When Sisyphus was on his deathbed, he ordered his wife not to give his corpse a funeral. After his death, his spirit went to the Land of the Dead and complained to Pluto, King of the Dead, that he had not yet had a funeral. Pluto allowed him to return to the Land of the Living so that he could tell his wife to give him a funeral, but once he was back in the Land of the Living, he refused to return to the Land of the Dead. He lived to an advanced old age and then died again. Now he is forced to forever roll a boulder up a hill. Just as he reaches the top of the hill, he loses control of the boulder and it rolls back to the bottom of the hill again. Sisyphus can never accomplish this task, which has no value, and so his punishment is endless meaningless work.

Oenone continued:

“I know that all these tales are old and well known, yet, if thou will hear any tales, choose some of these because if you don’t, believe me, Oenone has not many tales.”

Paris said, “No, you choose whichever one you want, but since my skill does not compare with yours, start with a simple song that I can play upon this pipe of mine.”

Oenone said, “There is a pretty sonnet, then, that we call ‘Cupid’s Curse’: ‘They who do change old love for new, please, gods, make it so that they change for worse!’

“The tune is fine and also quick; the message of the song will agree, Paris, with that same vow you made to me upon our poplar tree.”

Paris had carved into a poplar tree his vow that he would always love Oenone.

“No better thing,” Paris said. “Begin it, then. Oenone, thou shall see our music present the love that grows between thee and me.”

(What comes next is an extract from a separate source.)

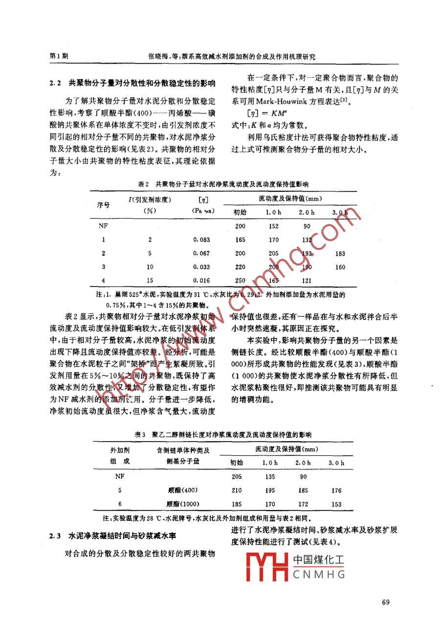 第24卷第1期安徽理工大學學報(自然科學版)Vol. 24 No. 12004年3月Journal of Anhui University of Science and Technology (Natural Science)Mar. 2004萘系高效減水劑添加劑的合成及作用機理研究張曉梅',鄧成剛”,唐軍”,朱宗軍”,胡 義*(1.安徽理工大學化學工程系,安徽淮南232001;2. 淮南礦業(yè)集團合成材料有限責任公司,安徽淮南232046)摘要:為提高萘系高效減水劑的分散穩(wěn)定性,進行了以順丁烯二酸聚乙二酵(400,1 000)單酯、烯丙基磺酸鈉等烯類單體為原料,經(jīng)共聚合反應合成的聚羧酸型高分子表面活性劑,作為萘泉高效減水劑的分散穩(wěn)定劑的研究。研究了共聚物分子結(jié)構(gòu)中單體種類、相對分子量及側(cè)鏈長度對水泥凈漿分散性及分散穩(wěn)定性的影響,合成產(chǎn)物對水泥凈漿基本無緩凝作用又可使砂漿減水率有所提高、砂漿擴展度保持值亦明顯改善;對作用機理進行探討,認為,摻加了所合成的聚羧酸共聚物的萘系高效減水劑,保留了萘系減水劑對水泥較高的分散性,又賦予水泥顆粒較好的分散穩(wěn)定性,這是靜電斥力與立體效應綜合作用的結(jié)果。關鍵詞:蔡系高效威水劑;聚羧酸型共聚物;共聚合反應;分散穩(wěn)定性;作用機理中圖分類號:TQ314.2文獻標識碼:A文章編號:1672-1098<2004>01-0067-04(甲基)丙烯酸;丙烯酸羥乙酯;烯丙基磺酸鈉(簡稱前言磺酸鈉);過硫酸銨;次亞磷酸鈉;過氧化氫;分子量高性能減水劑(又稱超塑化劑)是高性能混凝調(diào)節(jié)劑等。土中的一種核心技術材料。萘系高效減水劑是我國性能測試材料:巢湖525#水泥,NF高效減水目前工程應用中的主要品種,它以煤焦油提取物工劑,共聚物(自制)。業(yè)萘為原料,具有成本較低,臧水率較高,應用廣1.2共聚物的合成.泛,與其它外加劑復合性能好,對水泥適應性好等優(yōu)點,但其坍落度損失大,直接影響了減水劑的使(1)順酐一甲基丙烯 酸共聚物的合成,將一定用效果。近年來,業(yè)內(nèi)人士將研究目光轉(zhuǎn)向了被稱量的順酐加入三口燒瓶中,用氫氧化鈉中和后加入次為第三代高效減水劑的以聚氧乙烯基醚為側(cè)鏈的亞磷酸鈉,攪拌,升溫,滴加過氧化氫和甲基丙烯酸,聚羧酸型梳狀共聚物。田于具有對分散質(zhì)微粒的超100 C左右反應5 h,氫氧化鈉中和,即得產(chǎn)物。分散性和對超分散體系穩(wěn)定的特性,聚羧酸型超塑聚順酸半酯的合成用上述引發(fā)劑體系?;瘎┑难芯块_發(fā)非?;钴S。本文在國內(nèi)外文獻、專(2)其它共聚物的合成共分兩步進行,首先,利的基礎上,對可提高蔡系高效減水劑分散穩(wěn)定性將順酐和丙烯酸分別與聚乙二醇部分或全部酯化的添加劑聚羧酸型共聚物進行研究,為進一-步完善成相應的酯(本文中簡稱順酸半酯和丙烯酸酯),通蔡系超塑化劑的性能,為其繼續(xù)發(fā)揮成本低,性能過反應體系的酸值控制酯化程度;而后,在三口瓶好的優(yōu)勢提供實驗依據(jù)及技術支持。中加入一定量水,將烯丙基磺酸鈉溶解,加熱、攪拌至一定溫度,分批加入相應引發(fā)劑和烯類單體,在1實驗一定溫度下反應約5 h.反應結(jié)束后,以氫氧化鈉中和產(chǎn)物至pH為7.5.1.1實驗藥品及材料用Sartrius水分測定儀測定產(chǎn)物固含量,由烏.合成原料:順酐;聚乙二醇(分子量400, 1000) ;氏粘度計法獲得特性粘度數(shù)據(jù)。中國煤化工收稿日期:2003-10-14薔金項目:淮南礦業(yè)集團2000年科學技術資助項目CTH.CNMH G作者簡介r張曉梅(1962-),女,海南人,副教授,博士.長期從事農(nóng)藥及工業(yè)高分子表面活性劑的合成、應用研究。67安徽理工大學學報(自然科學版)第24卷1.3性能表征聚羧酸系表面活性劑可由不同種類烯類單體經(jīng)均按照文獻[1],測定NF及含共聚物的NF高效聚或共聚合而成,所得產(chǎn)物性能依單體種類及分子減水劑的水泥凈漿流動度,水泥凈漿凝結(jié)時間及砂量不同差異很大,因此,必須根據(jù)使用目的選擇適漿減水率。水泥凈漿流動度保持值測定實驗為:一當?shù)膯误w和分子量。實驗結(jié)果表明,水泥分散性及次性拌合1 200 g水泥凈漿,取300 g左右測初始流分散穩(wěn)定性與聚羧酸系共聚物的結(jié)構(gòu)有密切關系。動度,其余部分分別置于3個加蓋容器中,于相應分子結(jié)構(gòu)中極性基團種類及比例、共聚物分子量、主鏈.上有否支鏈等,都使共聚物應用性能有較大差時間經(jīng)攪拌后測定流動度。異。本實驗設計合成的共聚物結(jié)構(gòu)見圖1.2結(jié)果與討論CH;H CH-CH一Hy4CH2-C- t 4CH2-CH-tH0=CC=OCH2ONaSO;Na(EO)nH圖1聚羧酸型表面活性劑2.1極性基團種類對分 散和分散穩(wěn)定性的影響度緩凝。在聚順酐鏈上增加聚氧乙烯鏈(NF+2" )后,分散性和分散穩(wěn)定性有了明顯提高,可能是分本實驗條件下順酐、丙烯酸的均聚物對水泥幾子主鏈中降低了羧基密度,并增加了支鏈引起的立平無分散性;其共聚物(NF+1#)可改善水泥分散體效應造成的。分子主鏈上引入磺酸基,共聚物性(分散性出現(xiàn)滯后現(xiàn)象),且對分散體系表現(xiàn)出很(NF +3# )對水泥的分散性進- -步 提高;在主鏈上好的分散穩(wěn)定性。水泥凈漿在3~4 h內(nèi)流動度基接枝聚氧乙烯片段,得到了分散性略高于NF而分本保持不變,甚至放置12 h仍未初凝,即產(chǎn)生了過散穩(wěn)定性較好的共聚物(NF +4# )(見表1)。表1含不同極性基團 的聚合物的水泥猙漿分散和分散穩(wěn)定性外加劑共聚物分子的流動度及保持

They sang the song, and whenever Oenone sang solo, Paris played his pipe.

Oenone sang:

Fair and fair, and twice so fair,

As fair as any may be;

The fairest shepherd on our green,

A love for any lady.

Paris sang:

Fair and fair, and twice so fair,

As fair as any may be;

Thy love is fair for thee alone,

And for no other lady.

Oenone sang:

My love is fair, my love is gay,

As fresh as bin [are] the flowers in May,

And of my love my roundelay,

My merry merry roundelay,

Concludes with Cupid’s curse —

They that [who] do change old love for new.

Pray gods they change for worse!

Paris and Oenone sang together:

They that [who] do change old love for new.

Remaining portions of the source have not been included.